If you should come downstairs the day after Halloween and find that some pranksters had drawn ugly caricatures on your windowpanes and hung hideous pictures on your living-room walls, what would you do? Certainly you would take down the pictures and scrub the windows until all traces of the prank were gone. We love our homes, so we refuse to have therein pictures of unloveliness. We also know that there is no law that requires us to tolerate such pictures in our homes.
But how about our mental homes? What sort of pictures are we accepting there? If there be those that are not inspiring and uplifting, shall we not eliminate them before they discourage and vex us and others? Shall we not wash our mental windows clean, that the sunlight of Truth and Love may shine through into our human experience? The Christian Scientist goes about this task by realizing that God is the one perfect Mind, which creates only beautiful images of thought. He knows that man lives, moves, and has his being as the reflection of this perfect Mind. He recognizes that man is the compound idea of God, and he knows that there is no mortal mind to create or entertain ideas unlike God. On the contrary, every unpleasant concept, being unreal, must be relegated to eternal oblivion.

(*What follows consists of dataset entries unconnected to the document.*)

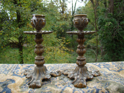 ANTIQUE ORNATE BRASS CANDLESTICKS
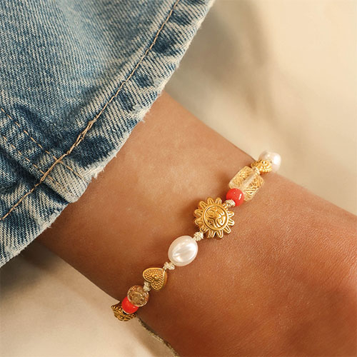 Perline in acciaio inossidabile luna & sole oro
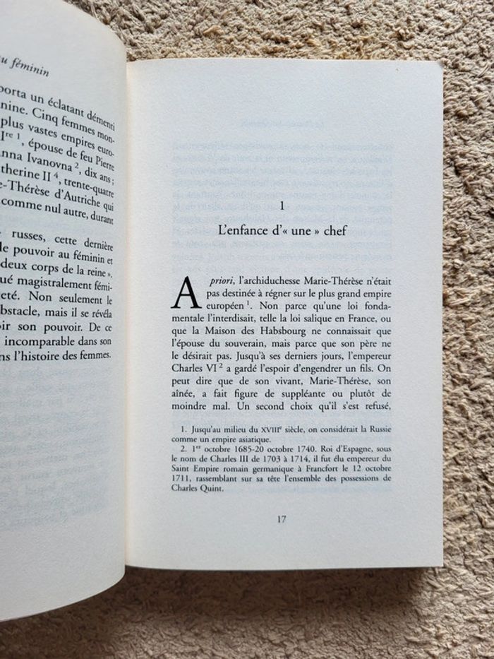 ⭐️ Nombreux livres dans mon dressing réductions sur les lots activées ✨️ 📚 Livre "Le pouvoir au féminin : Marie-Thérèse d'Autriche, l'impératrice-reine" d'Élisabeth Badinter 📖 Bon état, sans usure 📍Une lecture incontournable pour les passionnés d’histoire et de biographies féminines 📕 Portrait de Marie-Thérèse d'Autriche, une femme d'exception qui, à la tête du Saint-Empire romain germanique, a marqué l’histoire par son pouvoir et son intelligence politique. Un récit captivant sur le parcours d'une souveraine et son influence dans un monde dominé par les hommes.
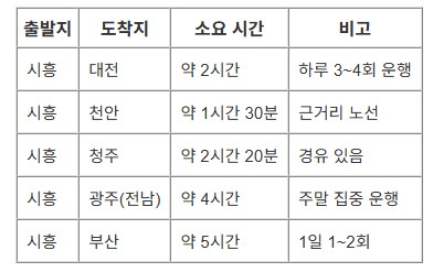 아래에서 시흥시외버스터미널 시간표 조회, 예매 방법, 주요 노선, 주차 정보, 주변 맛집까지 정리해드릴게요!
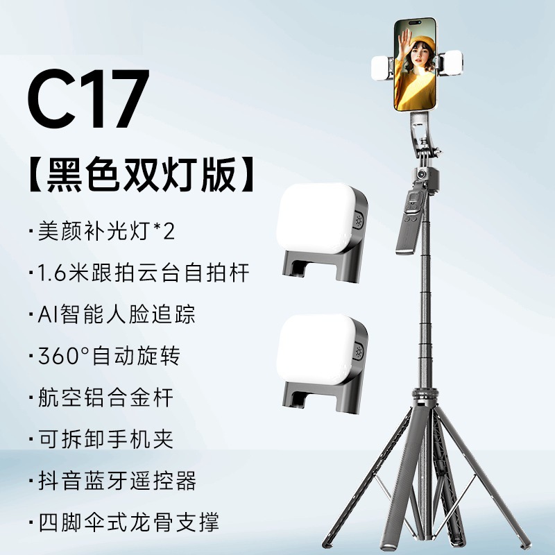 • C17 [블랙 듀얼 라이트 버전] 1.6m 알루미늄 합금 폴*AI 지능형 얼굴 추적 + 블루투스 리모콘
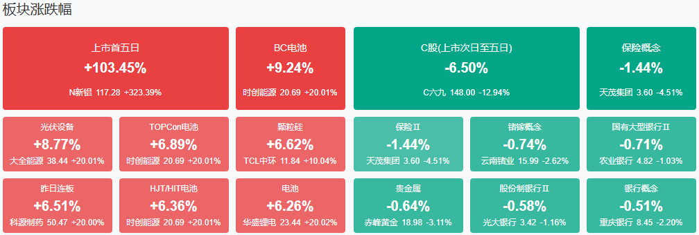 板块方面,光伏、光伏电池、深圳国企改革、风电等板块涨幅居前,保险、贵金属、银行等板块跌幅居前。
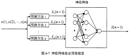 圖6-7中,神經(jīng)網(wǎng)絡(luò)的輸入為p種預(yù)測方法(包括AR、ARMA、回歸、灰色和直接神經(jīng)預(yù)測等模型)的輸出

On page 264 of the Christian Science textbook, "Science and Health with Key to the Scriptures," Mary Baker Eddy tells us: "The crude creations of mortal thought must finally give place to the glorious forms which we sometimes behold in the camera of divine Mind, when the mental picture is spiritual and eternal. Mortals must look beyond fading, finite forms, if they would gain the true sense of things. Where shall the gaze rest but in the unsearchable realm of Mind?"